I encourage equally to refuse to give up on God because someone doesn’t treat us friendly. We might get tired of trying to maintain some friendships, but God never gets tired to be with us.
What are the qualities of Godly friendships?
Solomon’s advice in Prov 22:24-25 “Do not make friends with a hot-tempered person, do not associate with one easily angered, or you may learn their ways and get yourself ensnared” can be a guide in selecting your friends.
Like Job’s friends, our friends are expected to show love and compassion in both hard and good times. “…they set out from their homes and met together by agreement to go and sympathize with him and comfort him.” Job 2:11.
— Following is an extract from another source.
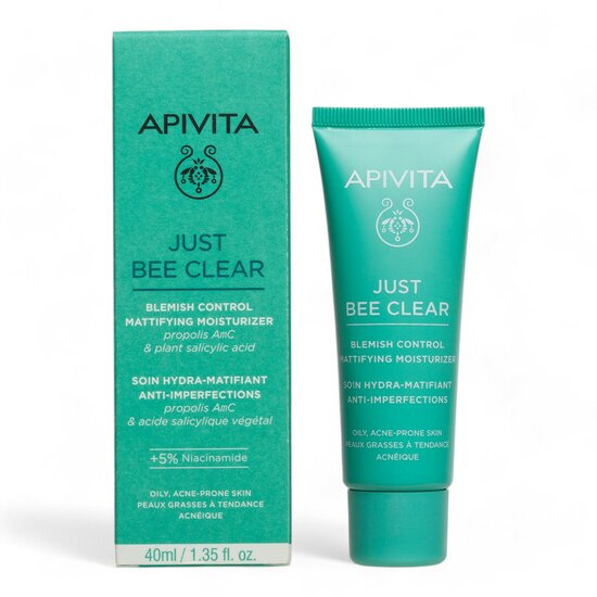 De Apivita Blemish Control Mattifying Moisturizer biedt een allesomvattende oplossing voor een vette en acnegevoelige huid. Deze ultra-lichte gel-crème zorgt voor langdurige hydratatie zonder een vettig gevoel achter te laten. Verrijkt met Apivita's exclusieve Propolis AmC-complex, werkt het doelgericht tegen bacteriën die acne veroorzaken (C. acnes), terwijl het een gezonde vochtbalans in de huid behoudt. Plantaardig salicylzuur werkt als een milde, natuurlijke exfoliant en voorkomt verstopte poriën, wat bijdraagt aan een heldere en egale huid.

We see in Prov 18:24 “One who has unreliable friends soon comes to ruin, but there is a friend who sticks closer than a brother”, some friendships supersede family relationships. Friendships can be an unbreakable bond if we deliberately invest to keep it with love.
“A friend loves at all times, and a brother is born for a time of adversity”. Prov 17:17.
Some self-reflection questions.
Are you a reliable friend to your friends?
Are you honest and do you treat them like yourself?
It is pathetic if we cannot keep good friendships. God stresses the importance of friendships through Solomon in Eccle 4:9-10, “Two are better than one because they have a good return for their labor: If either of them falls down, one can help the other up. But pity anyone who falls and has no one to help them up”.
True friends need to always pray with and for each other at all times. Christian friendship entails jointly building a relationship that is directed to God. Like Job says, “My intercessor is my friend as my eyes pour out tears to God; on behalf of a man he pleads with God as one pleads for a friend”. Job 16:20-21.
God regards us as friends, not servants.
We are friends of God. What is a privilege? God doesn’t see us as enemies, despite our mistakes. He loves us unconditionally.
“My command is this: Love each other as I have loved you. Greater love has no one than this: to lay down one’s life for one’s friends. You are my friends if you do what I command. I no longer call you servants, because a servant does not know his master’s business. Instead, I have called you friends, for everything that I learned from my Father I have made known to you.” John 15:12-15.
Jesus considers us loving our friends as a command. Thus, we need to be deliberate and willing to maintain our relationships despite the disagreements that might arise sometimes.
I encourage you to treasure your friends and share with them what God has revealed to you through his Word, just like Jesus did.
Do nothing out of selfish ambition or vain conceit. Rather, in humility value others above yourselves, not looking to your own interests but each of you to the interests of the others. Phil 2:3-4.
Jesus’ definition of true friendship can only be compared to our relationship with God. Therefore, we can use the above-listed scriptural guides to strengthen our Godly friendships with both God and man.